WHAT NEEDS TO BE DONE -
Below are some records. Retype exactly the lines from the one containing "Colored streaks in" through the one containing "OF outfit A", both included, skipping every picture.

LISTED RECORDS -
####

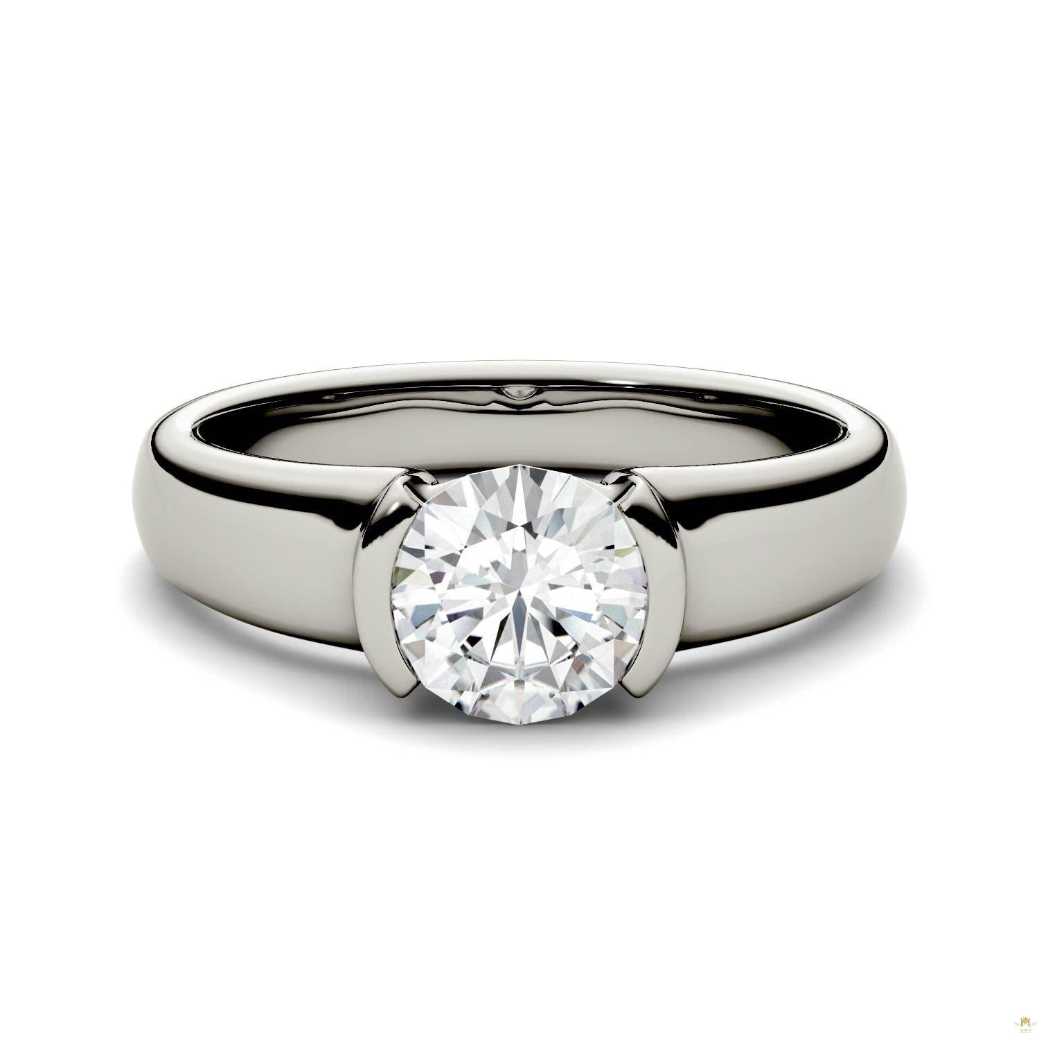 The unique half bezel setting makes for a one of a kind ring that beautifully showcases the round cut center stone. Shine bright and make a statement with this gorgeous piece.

####

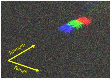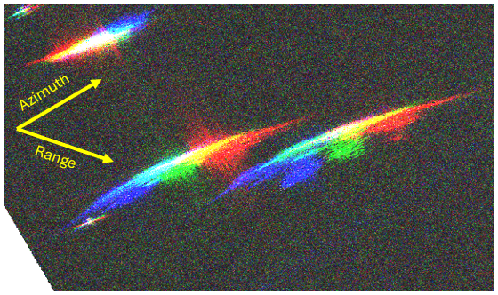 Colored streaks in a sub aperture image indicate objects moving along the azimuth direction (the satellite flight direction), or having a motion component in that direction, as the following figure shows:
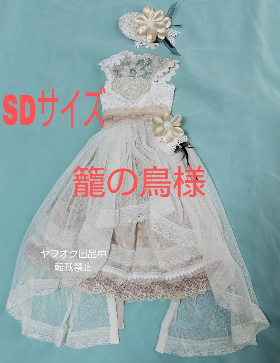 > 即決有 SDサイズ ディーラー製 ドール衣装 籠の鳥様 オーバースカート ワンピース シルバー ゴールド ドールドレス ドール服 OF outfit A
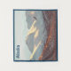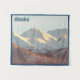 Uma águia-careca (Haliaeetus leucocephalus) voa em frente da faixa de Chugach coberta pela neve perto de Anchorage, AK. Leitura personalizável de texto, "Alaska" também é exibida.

####

WRITTEN REPLY -
 Colored streaks in a sub aperture image indicate objects moving along the azimuth direction (the satellite flight direction), or having a motion component in that direction, as the following figure shows:
 > 即決有 SDサイズ ディーラー製 ドール衣装 籠の鳥様 オーバースカート ワンピース シルバー ゴールド ドールドレス ドール服 OF outfit A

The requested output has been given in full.